[Entries taken from a collection]
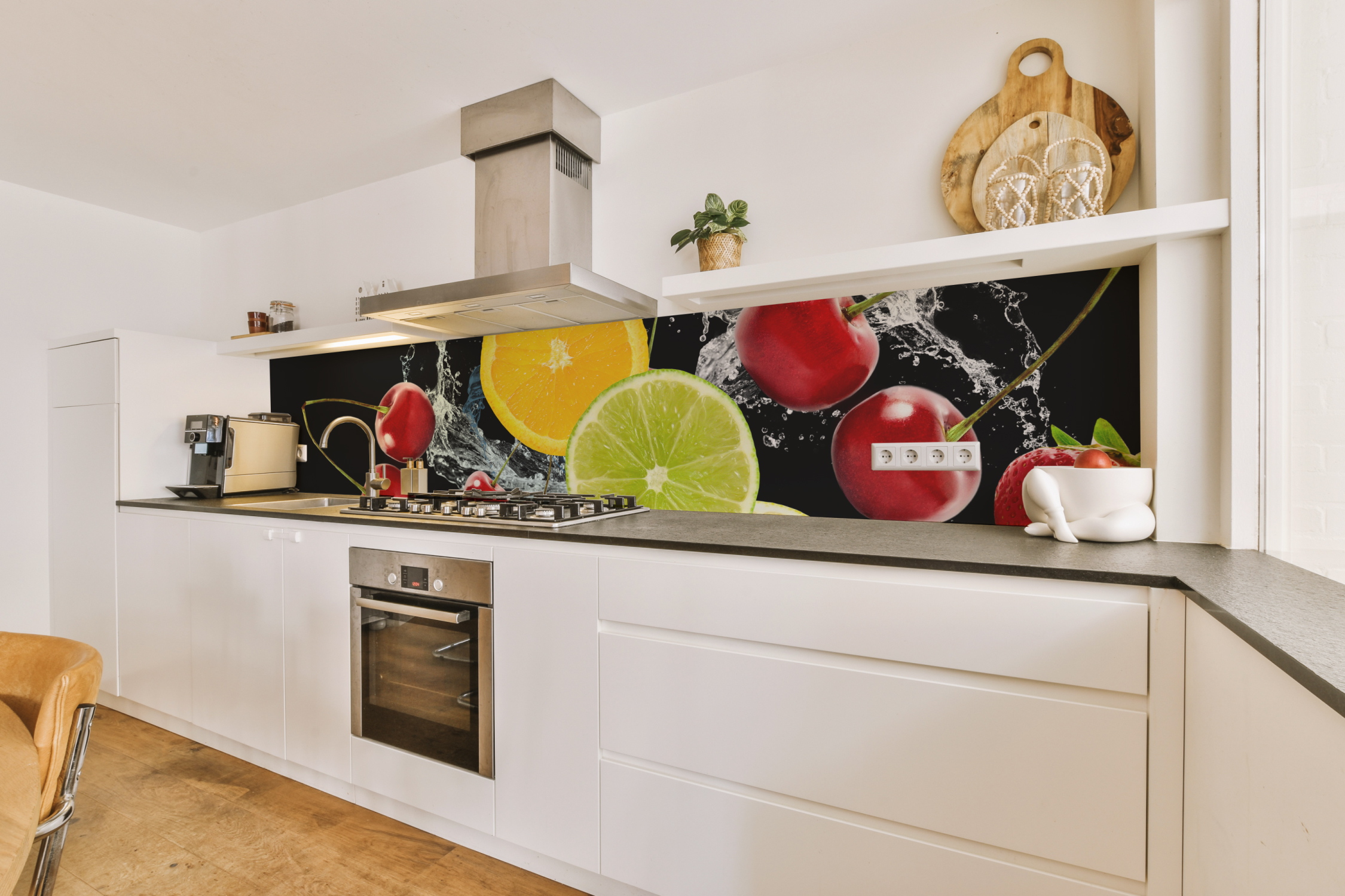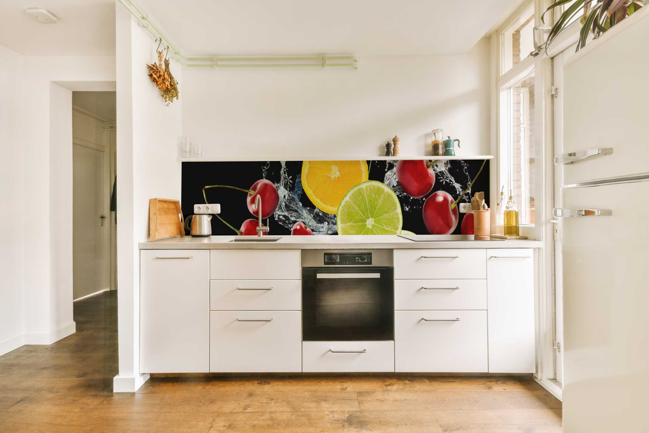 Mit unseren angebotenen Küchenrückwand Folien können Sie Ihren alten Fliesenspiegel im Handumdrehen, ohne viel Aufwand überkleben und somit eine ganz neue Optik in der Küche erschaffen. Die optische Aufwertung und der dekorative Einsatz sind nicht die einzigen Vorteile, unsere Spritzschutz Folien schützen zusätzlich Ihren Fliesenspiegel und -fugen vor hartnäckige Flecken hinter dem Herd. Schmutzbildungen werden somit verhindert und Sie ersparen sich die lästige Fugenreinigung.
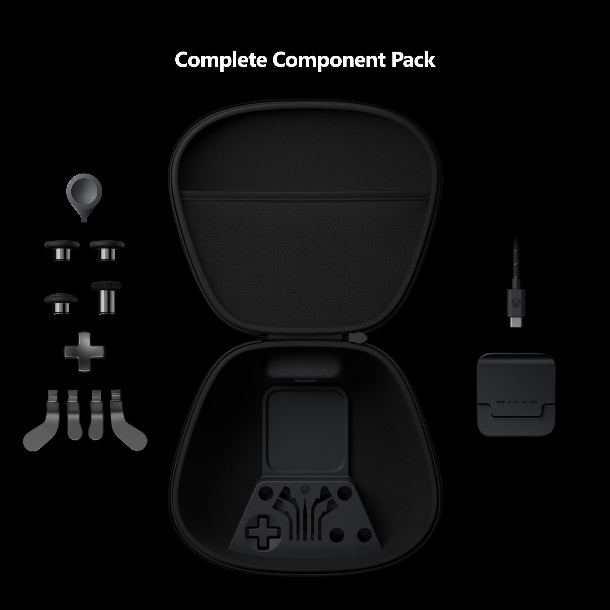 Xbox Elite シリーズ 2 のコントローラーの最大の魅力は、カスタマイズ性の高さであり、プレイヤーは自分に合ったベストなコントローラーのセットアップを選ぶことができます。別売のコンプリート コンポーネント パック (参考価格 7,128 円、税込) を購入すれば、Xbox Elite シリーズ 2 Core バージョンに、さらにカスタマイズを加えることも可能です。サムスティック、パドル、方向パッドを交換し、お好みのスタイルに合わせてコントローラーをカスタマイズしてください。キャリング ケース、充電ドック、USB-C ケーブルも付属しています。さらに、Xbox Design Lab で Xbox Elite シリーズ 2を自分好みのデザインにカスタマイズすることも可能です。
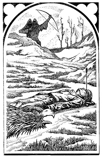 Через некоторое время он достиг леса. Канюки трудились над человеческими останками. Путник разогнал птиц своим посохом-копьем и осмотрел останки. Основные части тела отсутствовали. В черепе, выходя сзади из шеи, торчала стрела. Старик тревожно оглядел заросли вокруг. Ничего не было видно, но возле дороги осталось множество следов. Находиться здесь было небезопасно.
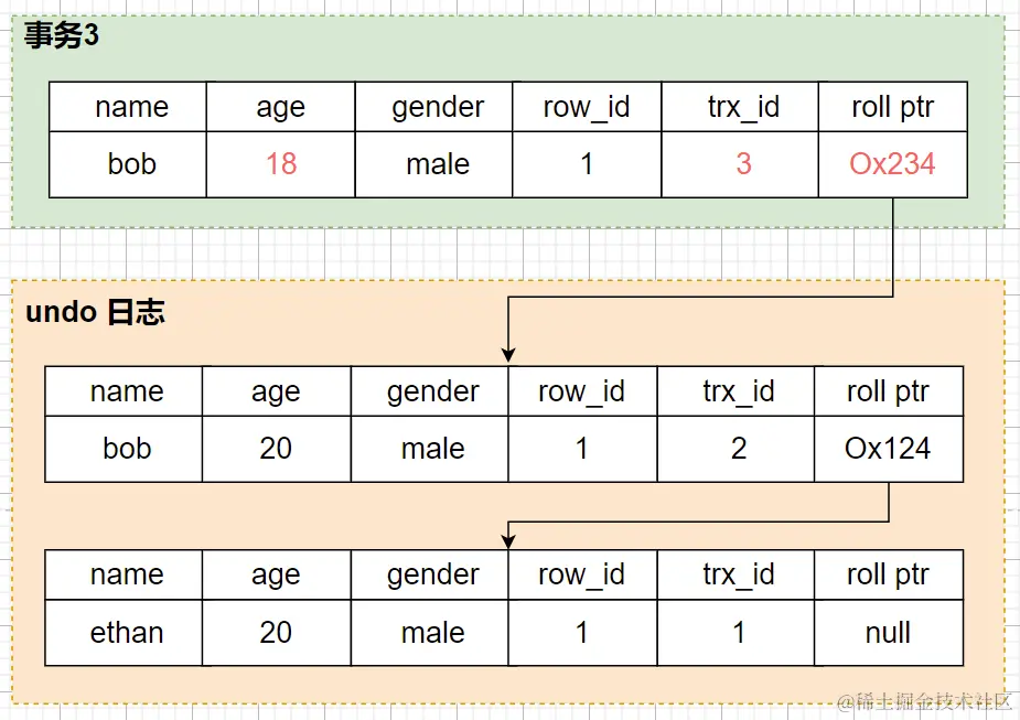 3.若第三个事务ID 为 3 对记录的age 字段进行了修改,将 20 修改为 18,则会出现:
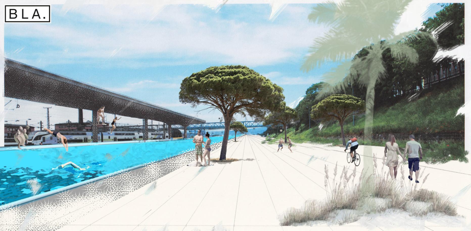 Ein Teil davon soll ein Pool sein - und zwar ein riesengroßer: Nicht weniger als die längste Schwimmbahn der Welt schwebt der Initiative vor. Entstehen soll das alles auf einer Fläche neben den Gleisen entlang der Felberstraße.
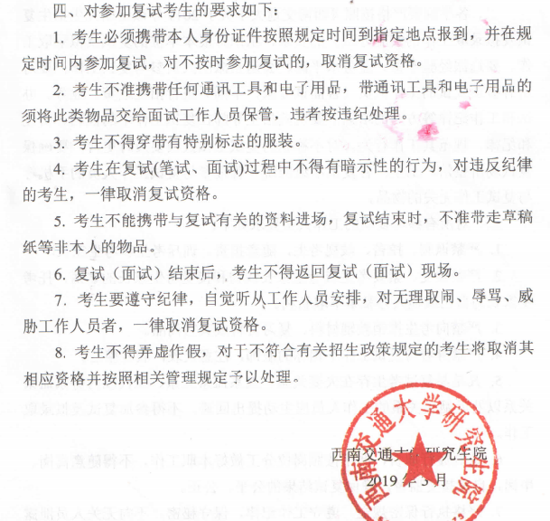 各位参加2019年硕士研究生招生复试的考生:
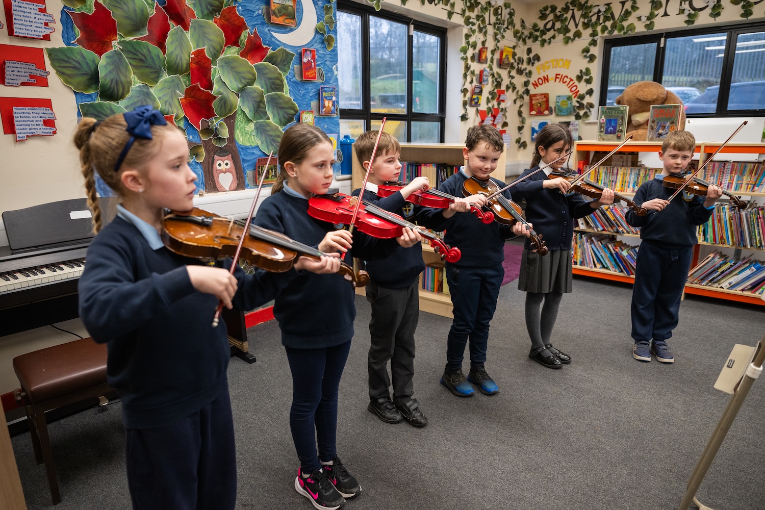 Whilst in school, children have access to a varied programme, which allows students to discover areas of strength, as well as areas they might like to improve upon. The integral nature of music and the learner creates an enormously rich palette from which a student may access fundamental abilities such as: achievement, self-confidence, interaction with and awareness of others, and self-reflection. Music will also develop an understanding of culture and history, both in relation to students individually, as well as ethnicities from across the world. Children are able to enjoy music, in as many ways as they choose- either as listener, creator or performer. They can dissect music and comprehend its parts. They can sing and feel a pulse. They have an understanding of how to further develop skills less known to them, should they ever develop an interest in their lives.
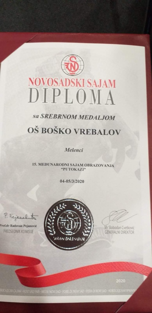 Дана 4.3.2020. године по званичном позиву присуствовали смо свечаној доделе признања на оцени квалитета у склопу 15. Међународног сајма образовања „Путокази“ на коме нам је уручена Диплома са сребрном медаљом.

### [Aim of the task]
Copy out, exactly and without pictures, each line from the one containing "Через некоторое время" through the final line of the entries, both ends included.

### [Answer to this task]
 Через некоторое время он достиг леса. Канюки трудились над человеческими останками. Путник разогнал птиц своим посохом-копьем и осмотрел останки. Основные части тела отсутствовали. В черепе, выходя сзади из шеи, торчала стрела. Старик тревожно оглядел заросли вокруг. Ничего не было видно, но возле дороги осталось множество следов. Находиться здесь было небезопасно.
 3.若第三个事务ID 为 3 对记录的age 字段进行了修改,将 20 修改为 18,则会出现:
 Ein Teil davon soll ein Pool sein - und zwar ein riesengroßer: Nicht weniger als die längste Schwimmbahn der Welt schwebt der Initiative vor. Entstehen soll das alles auf einer Fläche neben den Gleisen entlang der Felberstraße.
 各位参加2019年硕士研究生招生复试的考生:
 Whilst in school, children have access to a varied programme, which allows students to discover areas of strength, as well as areas they might like to improve upon. The integral nature of music and the learner creates an enormously rich palette from which a student may access fundamental abilities such as: achievement, self-confidence, interaction with and awareness of others, and self-reflection. Music will also develop an understanding of culture and history, both in relation to students individually, as well as ethnicities from across the world. Children are able to enjoy music, in as many ways as they choose- either as listener, creator or performer. They can dissect music and comprehend its parts. They can sing and feel a pulse. They have an understanding of how to further develop skills less known to them, should they ever develop an interest in their lives.
 Дана 4.3.2020. године по званичном позиву присуствовали смо свечаној доделе признања на оцени квалитета у склопу 15. Међународног сајма образовања „Путокази“ на коме нам је уручена Диплома са сребрном медаљом.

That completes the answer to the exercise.